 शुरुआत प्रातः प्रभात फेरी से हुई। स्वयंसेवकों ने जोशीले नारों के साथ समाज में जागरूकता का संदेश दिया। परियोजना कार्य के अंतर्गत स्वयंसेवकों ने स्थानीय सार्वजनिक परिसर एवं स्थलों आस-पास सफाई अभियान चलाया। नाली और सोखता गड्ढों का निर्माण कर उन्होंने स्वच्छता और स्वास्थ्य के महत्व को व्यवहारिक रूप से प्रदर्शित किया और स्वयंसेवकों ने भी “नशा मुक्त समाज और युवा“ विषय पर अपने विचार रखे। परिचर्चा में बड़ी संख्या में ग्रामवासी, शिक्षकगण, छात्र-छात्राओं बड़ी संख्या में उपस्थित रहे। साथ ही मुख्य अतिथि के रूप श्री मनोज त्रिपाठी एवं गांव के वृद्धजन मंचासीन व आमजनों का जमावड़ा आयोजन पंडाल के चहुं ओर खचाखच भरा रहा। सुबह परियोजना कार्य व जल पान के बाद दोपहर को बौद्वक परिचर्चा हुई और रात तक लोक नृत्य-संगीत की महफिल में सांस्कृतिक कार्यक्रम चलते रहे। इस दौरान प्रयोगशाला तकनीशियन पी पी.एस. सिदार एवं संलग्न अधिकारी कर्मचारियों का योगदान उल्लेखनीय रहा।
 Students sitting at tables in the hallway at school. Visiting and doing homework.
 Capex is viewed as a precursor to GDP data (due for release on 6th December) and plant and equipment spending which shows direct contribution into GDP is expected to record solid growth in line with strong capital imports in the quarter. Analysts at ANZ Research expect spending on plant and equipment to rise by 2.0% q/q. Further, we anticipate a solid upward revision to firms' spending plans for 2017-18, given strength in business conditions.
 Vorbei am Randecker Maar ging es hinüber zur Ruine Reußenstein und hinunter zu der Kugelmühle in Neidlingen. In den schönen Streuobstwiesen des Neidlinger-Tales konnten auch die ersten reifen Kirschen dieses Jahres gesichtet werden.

○ ○ ○ ○ ○ ○ ○

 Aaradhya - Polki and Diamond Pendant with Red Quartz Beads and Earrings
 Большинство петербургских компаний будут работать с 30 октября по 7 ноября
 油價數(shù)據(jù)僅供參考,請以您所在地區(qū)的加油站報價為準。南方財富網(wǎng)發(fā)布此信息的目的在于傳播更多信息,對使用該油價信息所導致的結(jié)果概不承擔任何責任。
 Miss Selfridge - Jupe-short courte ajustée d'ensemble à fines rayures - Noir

○ ○ ○ ○ ○ ○ ○

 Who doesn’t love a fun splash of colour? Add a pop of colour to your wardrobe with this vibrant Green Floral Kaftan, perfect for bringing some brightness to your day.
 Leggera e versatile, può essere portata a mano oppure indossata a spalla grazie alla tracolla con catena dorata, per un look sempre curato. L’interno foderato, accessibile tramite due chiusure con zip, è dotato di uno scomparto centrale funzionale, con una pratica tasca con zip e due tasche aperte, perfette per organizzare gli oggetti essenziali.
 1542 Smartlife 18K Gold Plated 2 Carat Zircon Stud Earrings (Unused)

○ ○ ○ ○ ○ ○ ○

:: Task prompt ::
Look over the data above and show each line that contains "with".

:: Task response ::
 Capex is viewed as a precursor to GDP data (due for release on 6th December) and plant and equipment spending which shows direct contribution into GDP is expected to record solid growth in line with strong capital imports in the quarter. Analysts at ANZ Research expect spending on plant and equipment to rise by 2.0% q/q. Further, we anticipate a solid upward revision to firms' spending plans for 2017-18, given strength in business conditions.
 Aaradhya - Polki and Diamond Pendant with Red Quartz Beads and Earrings
 Who doesn’t love a fun splash of colour? Add a pop of colour to your wardrobe with this vibrant Green Floral Kaftan, perfect for bringing some brightness to your day.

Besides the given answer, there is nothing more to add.